• Activity
With the pictures excluded, repeat every entry exactly.

== Data under study ==

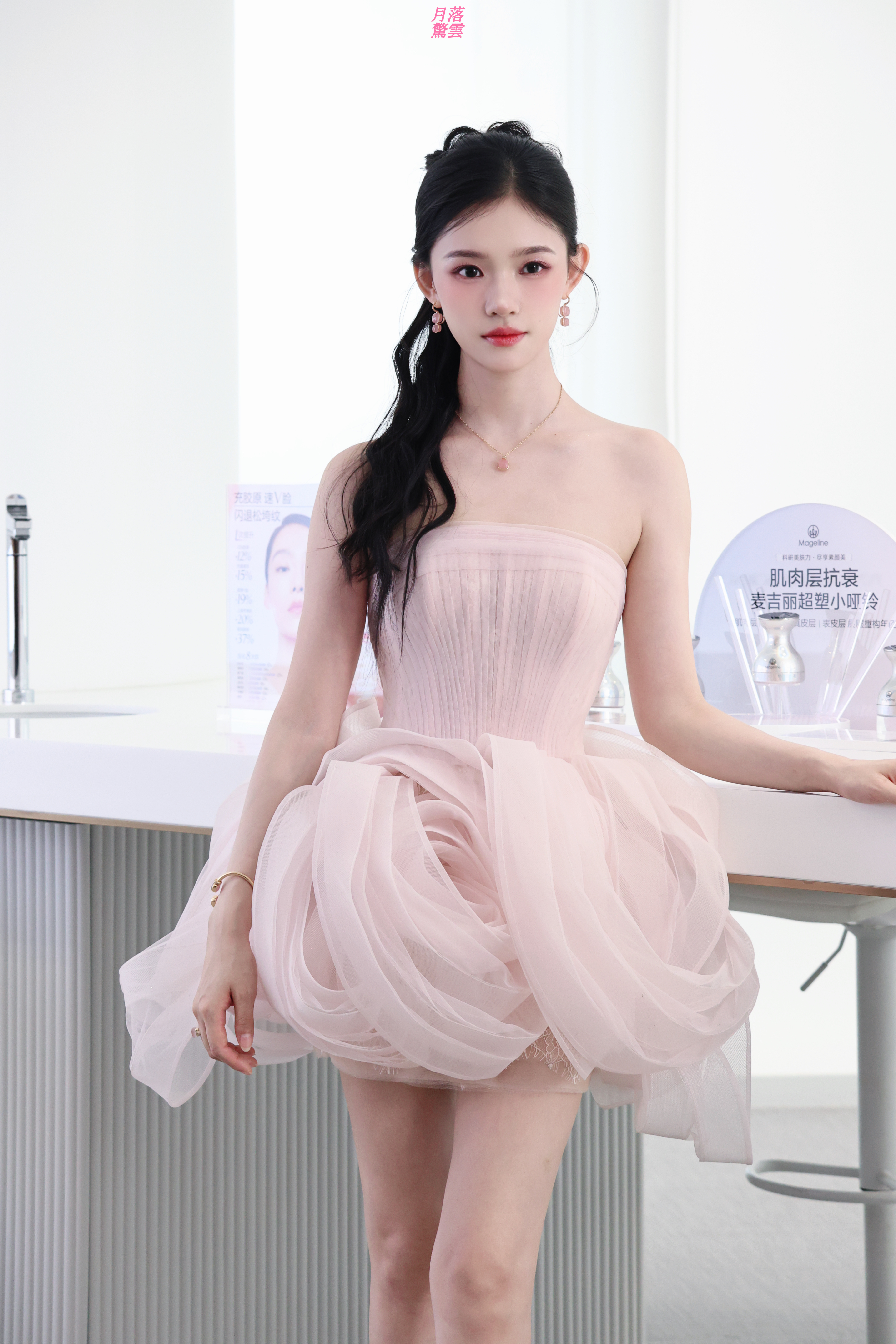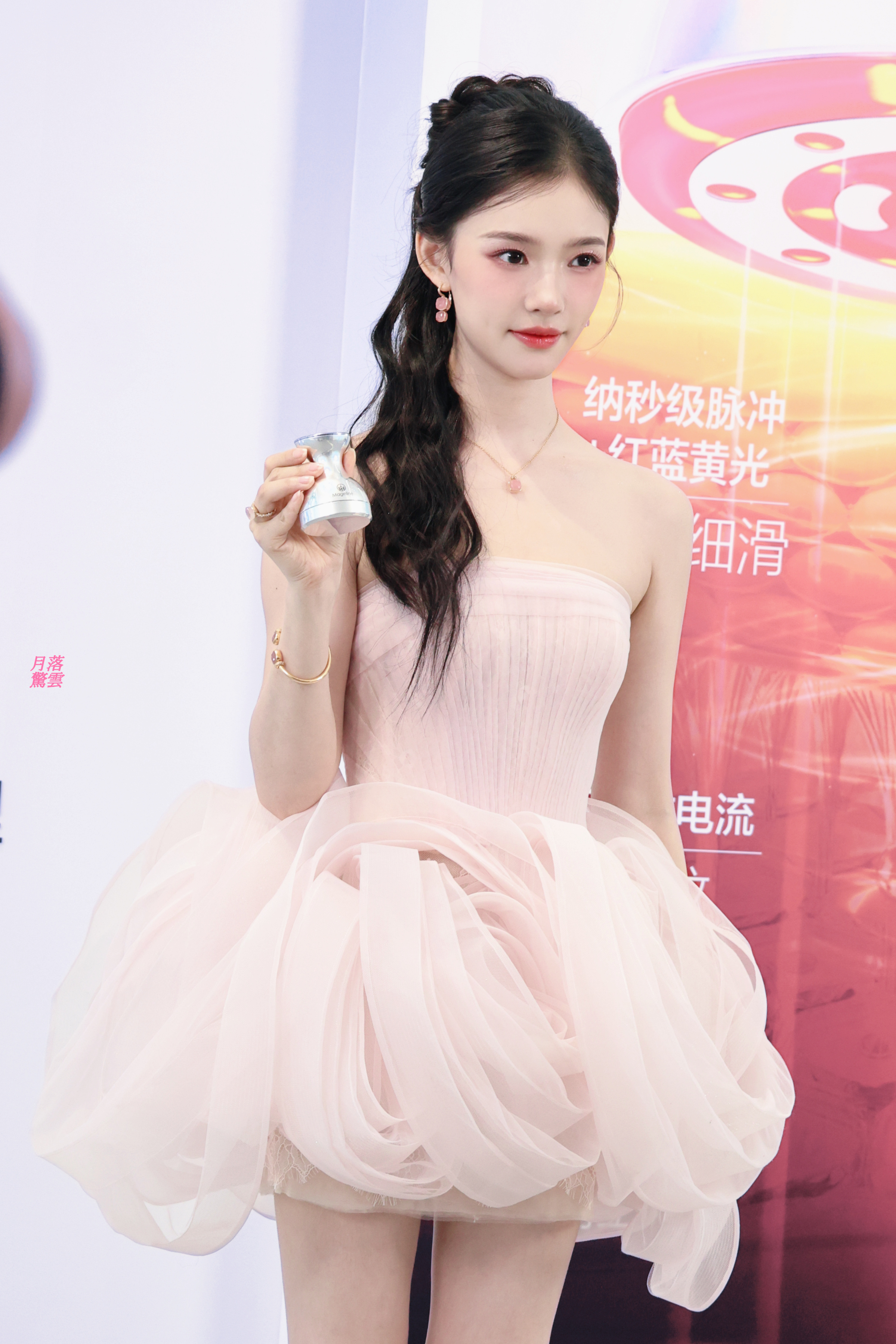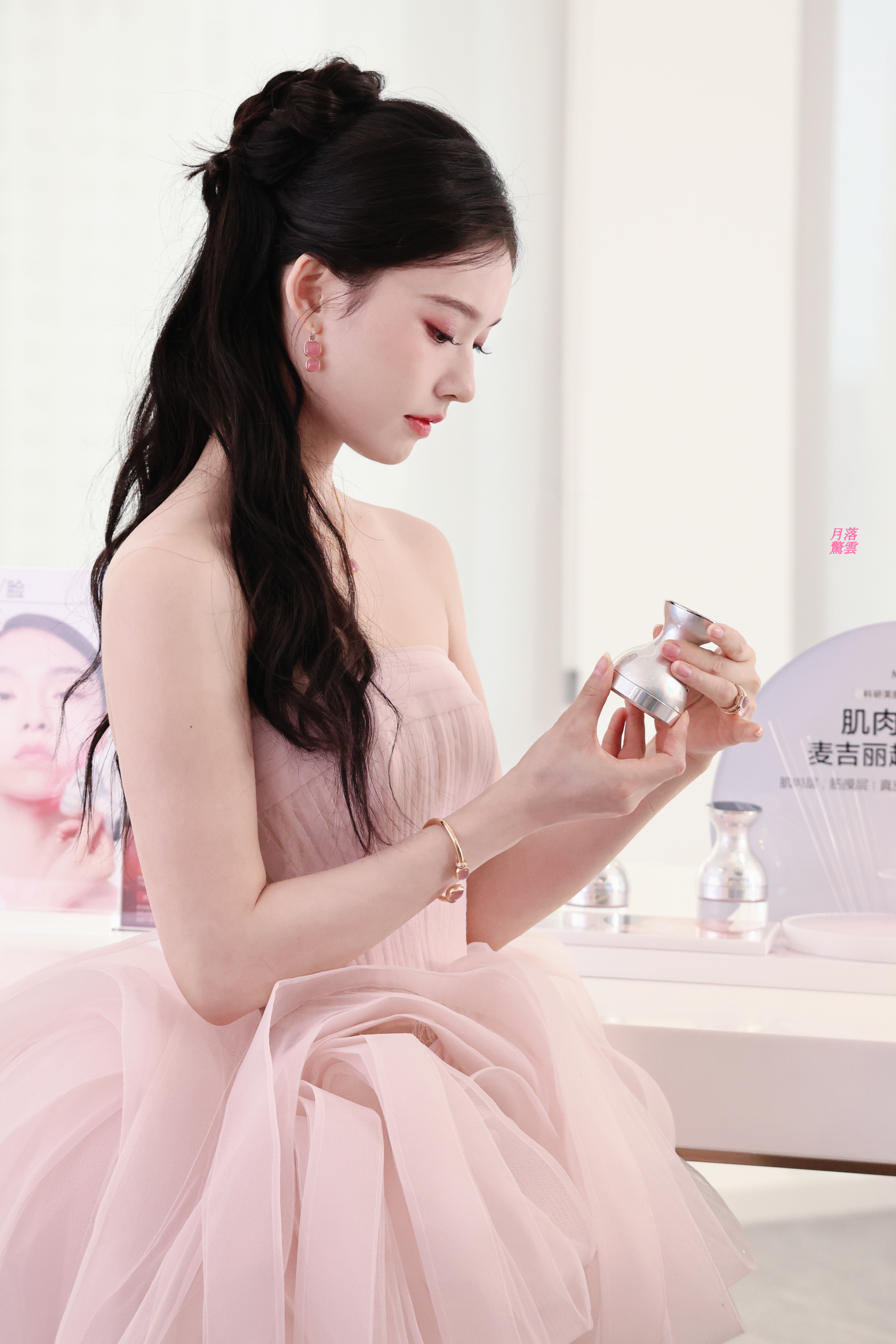 林允 粉色抹胸裙轻盈灵动,蓬松裙摆似春日花瓣,肌肤通透似玉,笑容清甜温柔,每一帧都是心动的模样。
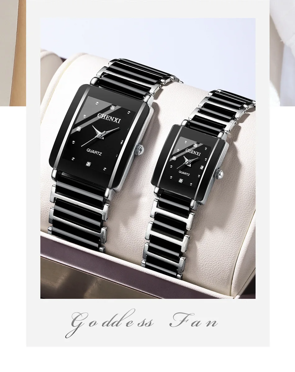CHENXI 104A Brand Men Quartz Watch Elegant Square Dial reloj Ceramic Strap Waterproof Simple montre Lady Fashion Couple Watches
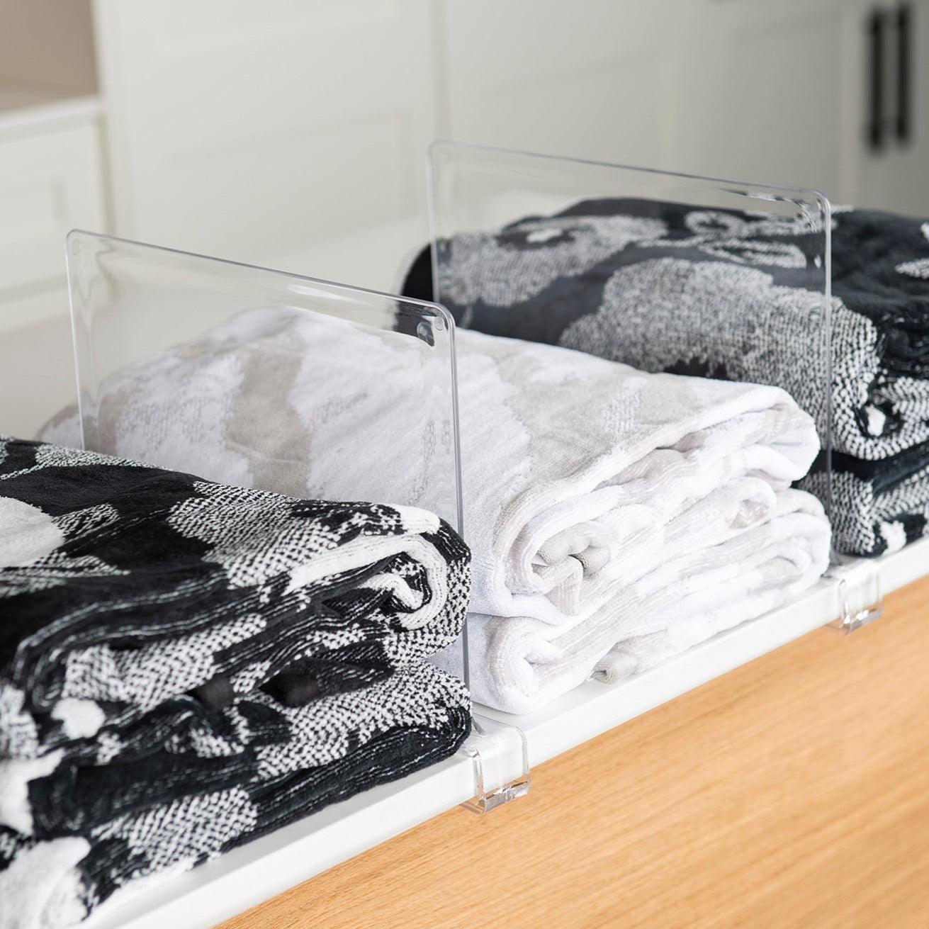 Keep your shelves neat and organised with these adjustable shelf dividers. They are a great solution to keep your clothing, towels, handbags neatly stacked and standing upright without toppling over.
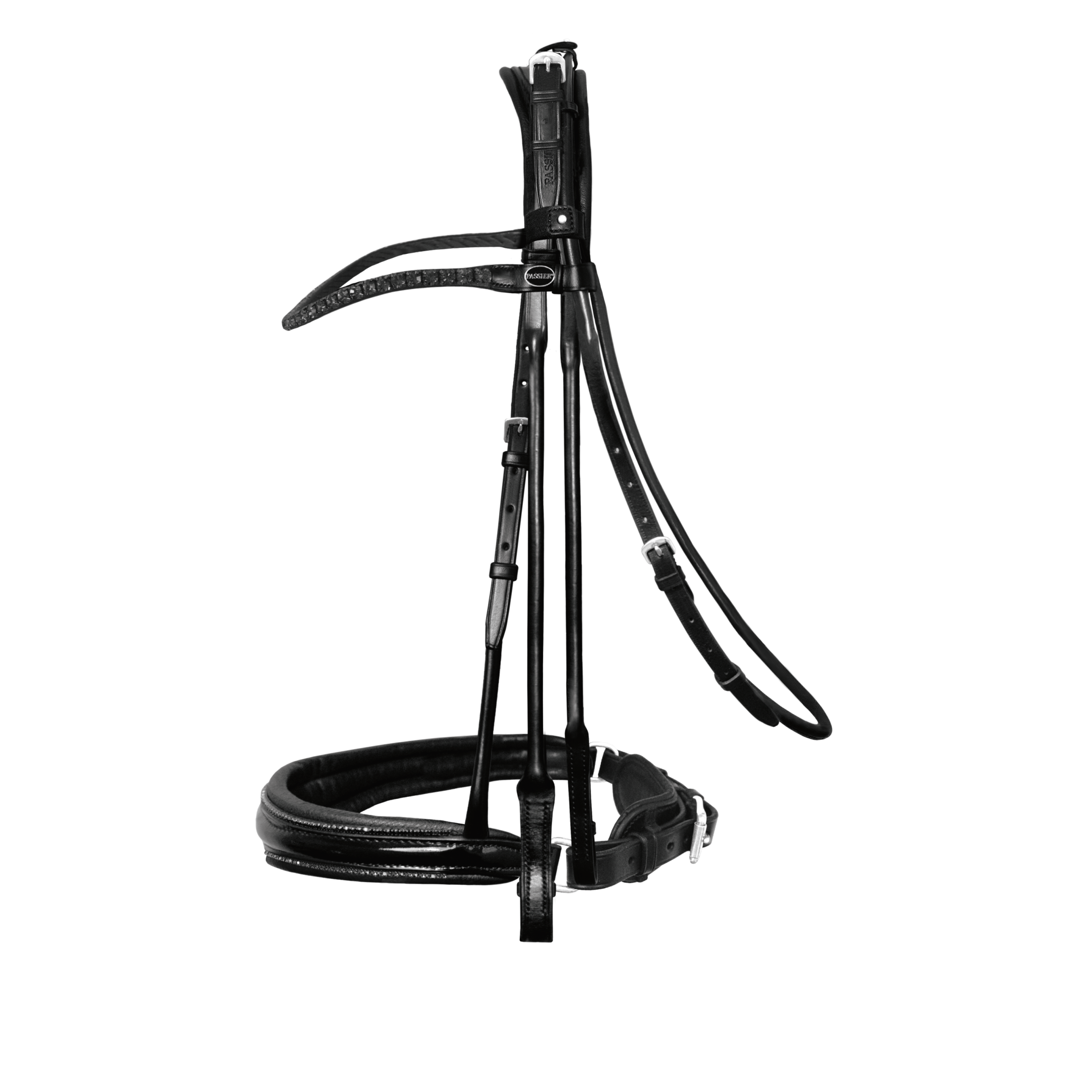 Die neue rund genähte, elegante Kandare Highscore hat ein anatomisch geformtes, weich unterfüttertes Kopfstück und ist so besonders pferdefreundlich. Das Reithalfter Spezial aus schwarzem Lackleder mit glänzendem Zierkeder mit kleinen Premium Crystals in Graphite ist ebenfalls anatomisch geformt und weich unterlegt. Der geschwungene Stirnriemen mit extra großen, funkelnden Premium Crystals in Graphite komplettiert den eleganten, glänzenden Look.
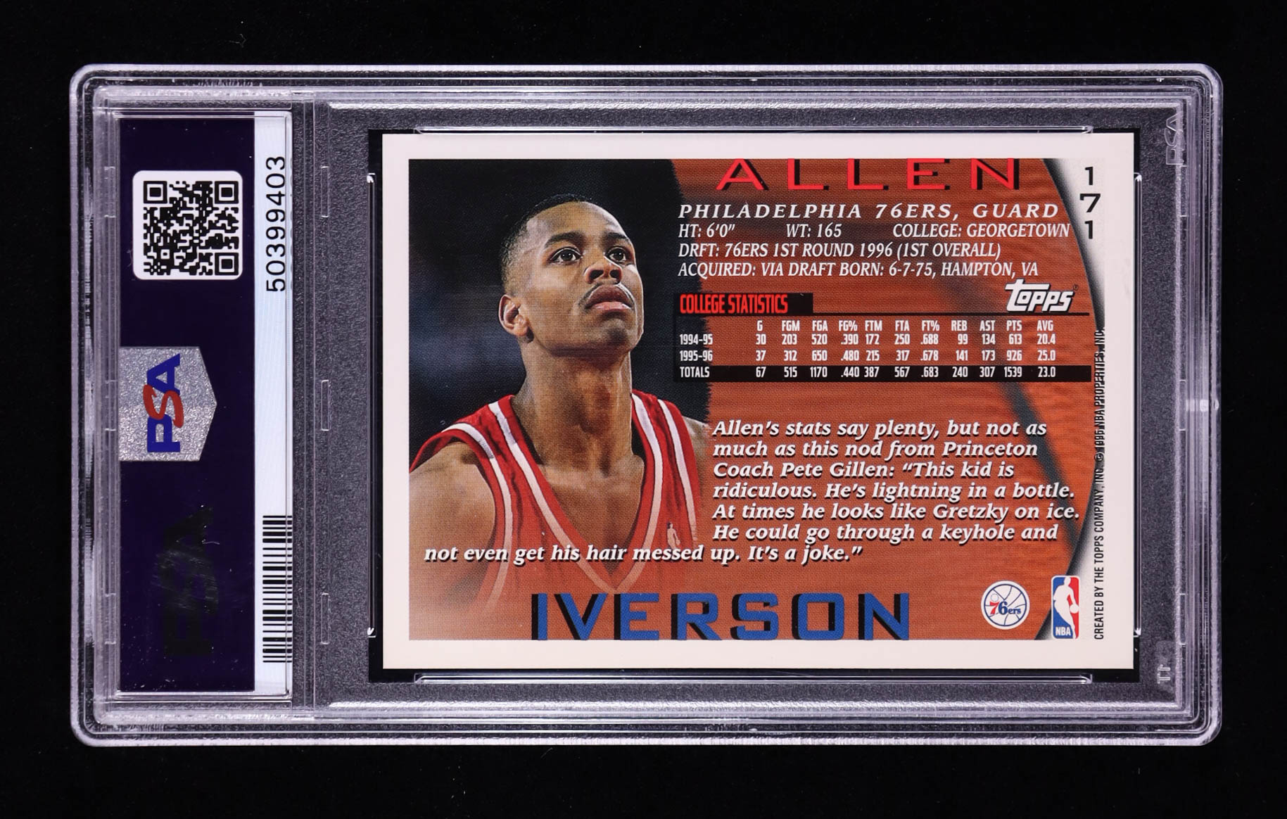 Allen Iverson 1996-97 Topps #171 RC (PSA 9)
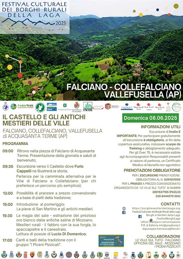 Activities will include an hike to the foundation of a medieval castle once situated on a cliff above Falciano; walks through the villas of Falciano and Collefalciano, a talk about “the magic of salt—extraction of this precious white gold from the ancient salt mines of Mozzano”; demonstrations of rural professions, including those of the blacksmith with his forge, the stone-breaker, and the basket maker; a reading of poems by Lucio Di Domenico; and traditional songs and dances performed by the group I Piceni Pizzicati.
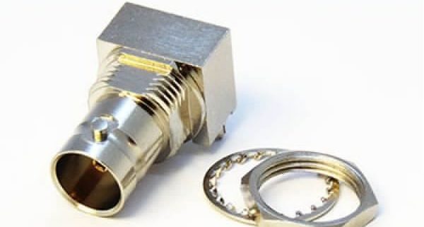 板端BNC接头90度弯式母头射频同轴连接器插孔75欧姆镀镍
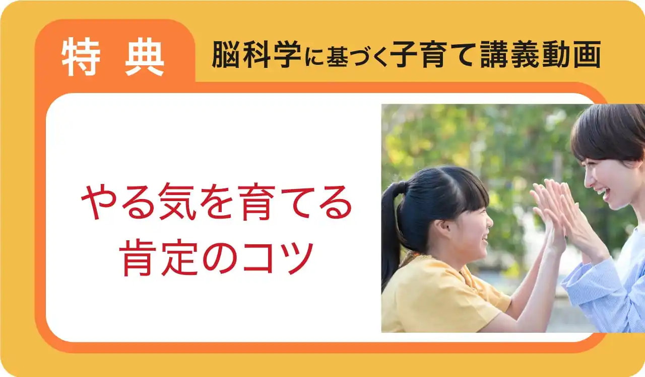 本特典動画では、子どものやる気を育てる関わり方について、外発的・内発的動機づけの観点から解説しています。ダウンロードはこちら<https://www.agentmail.jp/lp/r/17872/147774/> |
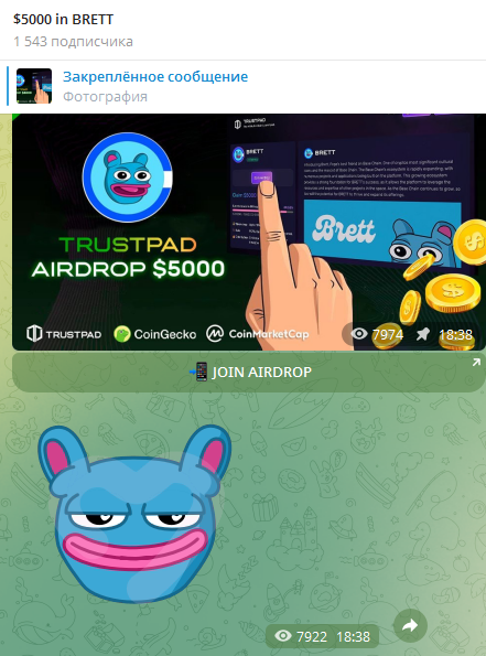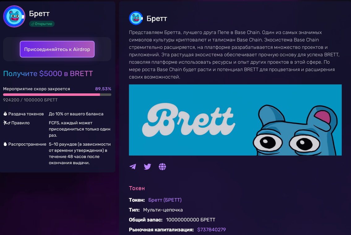 В паблике находится ссылка для перехода на сайт, на котором можно присоединиться к airdrop токена Based Brett.
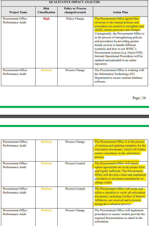 Poking around the WSSC website, I found this interesting annual report issued by the Office of the Inspector General (OIG), which has audit staff imbedded at WSSC. A review of last year’s (September, 2022) OIG Annual Report shows that some pretty major gaps and / or control weaknesses appear to exist in WSSC’s Procurement Office and in their processes. Here is a screen shot from pages 16-17:
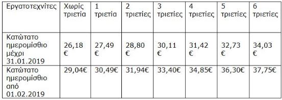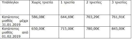Με βάση την αύξηση του κατώτατου μισθού αναπροσαρμόζονται και οι διαμορφωμένες τριετίες ως εξής:
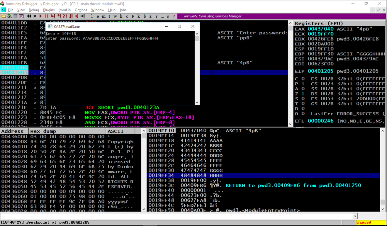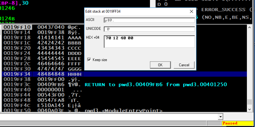 In the stack, the address of the RETURN pointer now contains 48484848, as shown above, which are the ASCII letters "HHHH".

===

• Answer box
 林允 粉色抹胸裙轻盈灵动,蓬松裙摆似春日花瓣,肌肤通透似玉,笑容清甜温柔,每一帧都是心动的模样。
CHENXI 104A Brand Men Quartz Watch Elegant Square Dial reloj Ceramic Strap Waterproof Simple montre Lady Fashion Couple Watches
 Keep your shelves neat and organised with these adjustable shelf dividers. They are a great solution to keep your clothing, towels, handbags neatly stacked and standing upright without toppling over.
 Die neue rund genähte, elegante Kandare Highscore hat ein anatomisch geformtes, weich unterfüttertes Kopfstück und ist so besonders pferdefreundlich. Das Reithalfter Spezial aus schwarzem Lackleder mit glänzendem Zierkeder mit kleinen Premium Crystals in Graphite ist ebenfalls anatomisch geformt und weich unterlegt. Der geschwungene Stirnriemen mit extra großen, funkelnden Premium Crystals in Graphite komplettiert den eleganten, glänzenden Look.
 Allen Iverson 1996-97 Topps #171 RC (PSA 9)
 Activities will include an hike to the foundation of a medieval castle once situated on a cliff above Falciano; walks through the villas of Falciano and Collefalciano, a talk about “the magic of salt—extraction of this precious white gold from the ancient salt mines of Mozzano”; demonstrations of rural professions, including those of the blacksmith with his forge, the stone-breaker, and the basket maker; a reading of poems by Lucio Di Domenico; and traditional songs and dances performed by the group I Piceni Pizzicati.
 板端BNC接头90度弯式母头射频同轴连接器插孔75欧姆镀镍
 本特典動画では、子どものやる気を育てる関わり方について、外発的・内発的動機づけの観点から解説しています。ダウンロードはこちら<https://www.agentmail.jp/lp/r/17872/147774/> |
 В паблике находится ссылка для перехода на сайт, на котором можно присоединиться к airdrop токена Based Brett.
 Poking around the WSSC website, I found this interesting annual report issued by the Office of the Inspector General (OIG), which has audit staff imbedded at WSSC. A review of last year’s (September, 2022) OIG Annual Report shows that some pretty major gaps and / or control weaknesses appear to exist in WSSC’s Procurement Office and in their processes. Here is a screen shot from pages 16-17:
Με βάση την αύξηση του κατώτατου μισθού αναπροσαρμόζονται και οι διαμορφωμένες τριετίες ως εξής:
 In the stack, the address of the RETURN pointer now contains 48484848, as shown above, which are the ASCII letters "HHHH".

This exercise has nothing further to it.